Humanity has always seen flight as one of the most sublime images of freedom in motion. It seems almost unfair that our feathered friends get to move about so quickly to wherever they may please. It seems to be nothing short of magical. Piloting an aircraft was a pipedream for wheelchair users for many a year; that is, until 2006.
Charles Stites founded the non-profit group, Able Flight, for the sole purpose of giving those accustomed to wheels a new pair of wings. Able Flight works to give scholarships to people who have physical disabilities for the purpose of obtaining a Sport Pilot license. Some of the group’s funding goes to purchasing special modified aircraft for people with differing needs to have a plane to fly.
Nothing says it better than the mission statement used by foundation: Able Flight’s mission is to offer people with disabilities a unique way to challenge themselves through flight training, and by doing so, to gain greater self-confidence and self-reliance.
The program received a special boon in 2010 when a partnership with the premiere Purdue University Department of Aviation Technology took place. Able Flight offers a range of scholarships for students to go learn from the world-class flight instructors at Purdue.
Most flight instruction takes place during the months of May and June, for a total of 5 to 6 weeks. This time covers ground-based classwork and in-flight training, all leading up to the check ride tests. Most flight training is now conducted with Able Flight’s joint training program at Purdue University in West Lafayette, Indiana. Career training can take place at a number of locations.

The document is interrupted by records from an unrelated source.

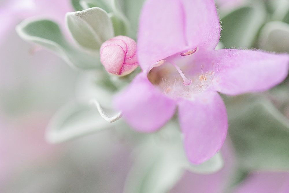 A close up photo of a purple/lilac flower on the Texas Sage plant. An oasis of purple when this plant is in bloom.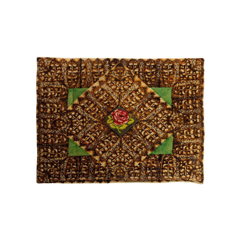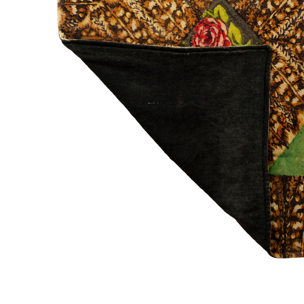 Vintage double-sided wool lap robe. Center red rose panel. Used a throw for couch, bed or in the wagon.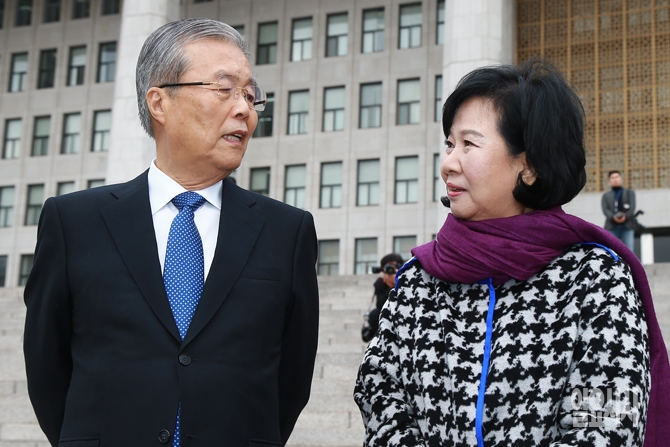 3일 오전 서울 여의도 국회에서 열린 더불어민주당 '달리는 정책의자' 발대식에서 더불어민주당 김종인 비대위대표와 손혜원 홍보위원장이 대화를 하고 있다.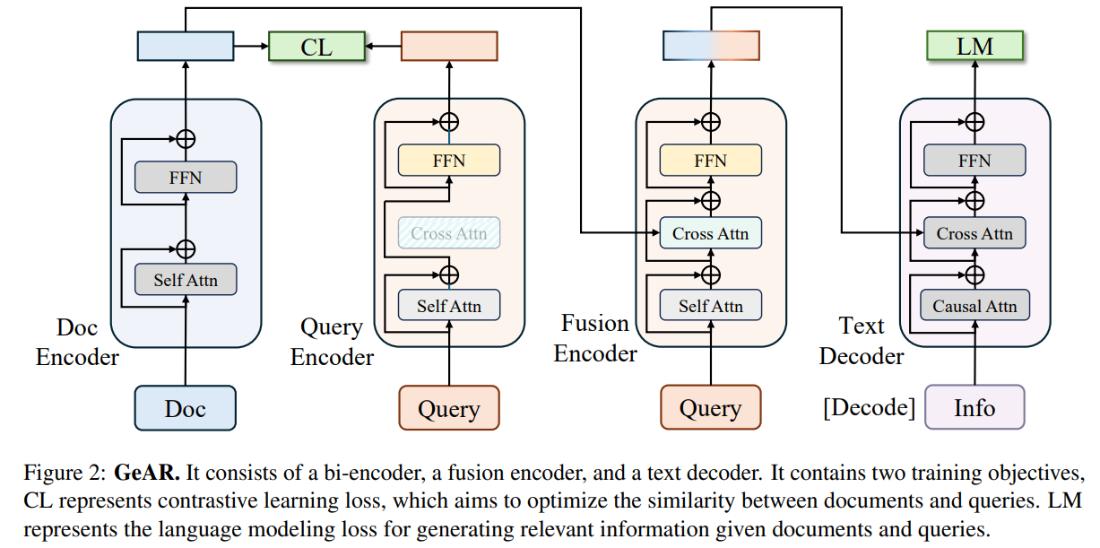 | 🔍 모델 구성 | GeAR는 3가지 주요 모듈로 구성됨. ✅ Bi-Encoder → 쿼리와 문서를 각각 벡터화하여 검색 수행 (기본 검색 기능). ✅ Fusion Encoder → 문서 내에서 쿼리와 가장 관련된 문장을 찾아 강조 (세밀한 정보 탐색). ✅ Text Decoder → 검색된 문서에서 관련 내용을 요약하거나 직접 생성 (정보 생성). |

The scholarship types range from a full-ride scholarship for those looking to obtain a Sport Pilot license, to those seeking training for a career working on and with Light Sport Aircraft in either maintenance or dispatching. Another scholarship is made available for those who had a pilot’s license and are seeking to get back in the air after an injury.
To see pictures of students in training, and in flight, click here.
The requirements are basic as well. Applicants must be a U.S. citizen seventeen years or older with a disability. Recipients have had disabilities ranging from lost limbs and SCI to congenital birth disorders.
Leonardo Da Vinci captured a strong sentiment for those who admire the sky, Once you have tasted flight, you will forever walk the earth with your eyes turned skyward, for there you have been, and there you will always long to return.
Thanks to Purdue University and Able Flight, being in a wheelchair doesn’t mean just looking into the sky any longer.